Reading Between the Dots: Politics, Policy, and the Fed’s New Direction

The Federal Reserve’s September meeting may be remembered less for the modest quarter-point cut it delivered and more for what it revealed about the state of the institution itself. In the space of just a few days, we saw a rushed confirmation of a new governor, a highly unusual dissent calling for a much larger rate reduction, and the culmination of a weeks-long White House effort to remove a sitting member of the Board. Taken together, these events suggest the Fed is no longer insulated from political pressure in the way investors once assumed.

Stephen Miran, a Trump-backed economist, was confirmed by the Senate on September 15 and sworn in the very next morning—just hours before the Fed convened. At his first meeting, he immediately dissented, pushing for a 50-basis-point cut instead of the 25-point move supported by all other voters. More tellingly, Miran sketched a path for another 125 points of cuts by year-end, which would bring the policy rate well below 3%. That is not a minor adjustment—it would mark one of the most aggressive easing cycles in modern history, undertaken at a time when core inflation remains close to 3% and unemployment, while rising, is still only about 4.3%.

To understand why this matters, it helps to remember how the Fed typically frames policy. Economists often use rules of thumb such as the Taylor Rule, which balances inflation against the level of slack in the economy. By those measures, today’s conditions call for a policy rate roughly around neutral—somewhere close to 3.5–4%. The Cleveland Fed’s own model places the neutral nominal funds rate at about 3.7%. Cutting meaningfully below that level while inflation remains sticky would represent a shift from mildly restrictive policy to overt stimulus. And while this move may be supported by arguments about a weak labor market or an outdated approach by the Fed and their terrible track record, it is at least partially also justified by politics.

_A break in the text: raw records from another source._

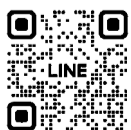
市LINE公式アカウント
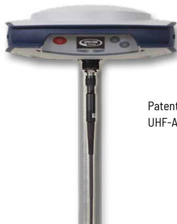
Patentierte Anbringung der UHF-Antenne im Stab

Der SP80 kombiniert unterschiedliche Kommunikationskanäle, darunter ein integriertes 3.5G-GSM/UMTS-Modem, Bluetooth und WLAN. Optional ist auch ein internes UHF-Sendefunkmodem erhältlich. Das GSM-Modem kann für SMS (Textnachrichten) und E-Mail-Benachrichtigungen genutzt werden, ermöglicht aber auch normale Internet- und VRS-Verbindungen. Natürlich kann der SP80 alle verfügbaren RTK-Korrekturen über WLAN-Hotspots (sofern verfügbar) beziehen und Verbindungen zum Internet herstellen. Das interne UHF-Sende/Empfangsmodem ermöglicht die schnelle und einfache Einrichtung einer örtlichen Basisstation. Das spart Zeit und erhöht die Messproduktivität.
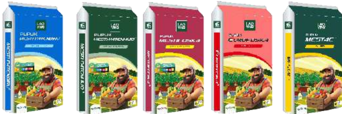
NPK 16-16-16 NPK 15-10-20 NPK 15-15-15 NPK 15-15-15 N 26%
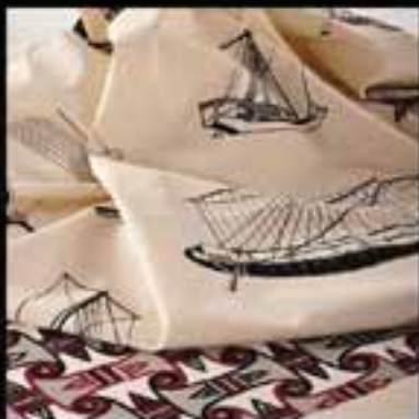
2-Fabrics / Printed
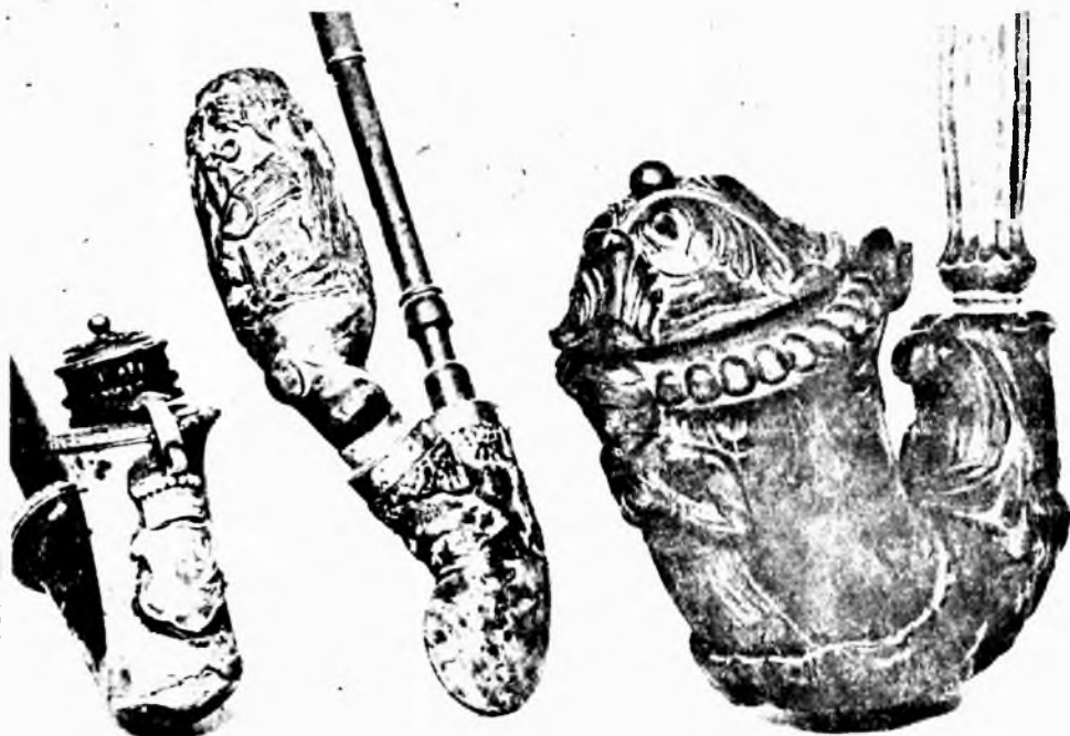
Az ibafai gyűjtemény három értékes darabja. Jobbról a nevezetes ibafai papi pipa másolata.
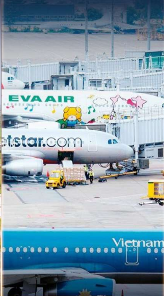
INTRODUCTION OF DIRECT FLIGHTS TO CAT BI AIRPORT
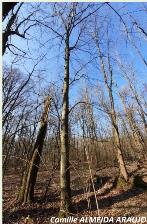
Camille ALMEIDA ARAUJO

The political context is important. Trump first announced plans to remove Governor Lisa Cook in late August, alleging misconduct from before her appointment. On September 9, a federal judge blocked that dismissal, ruling that the case did not meet the “for cause” threshold required by law. The administration appealed, seeking an emergency order that would have prevented Cook from voting at the September meeting. The appeals court refused, allowing her to remain. While Cook ultimately kept her seat, the episode underscores just how far the White House was willing to go to influence the Fed’s composition ahead of a critical policy decision.

For decades, markets treated the Fed as an independent arbiter, occasionally swayed by politics but never truly captured. That assumption looks less secure today. International observers have taken notice—Bundesbank President Joachim Nagel warned this month that U.S. political interference in the central bank threatens financial stability and could raise long-term borrowing costs as investors demand compensation for lost credibility. The concern is straightforward: if the Fed is pressured into cutting rates too far, inflation will remain above target, and bond markets will force higher yields at the long end. The result is a steeper yield curve for all the wrong reasons.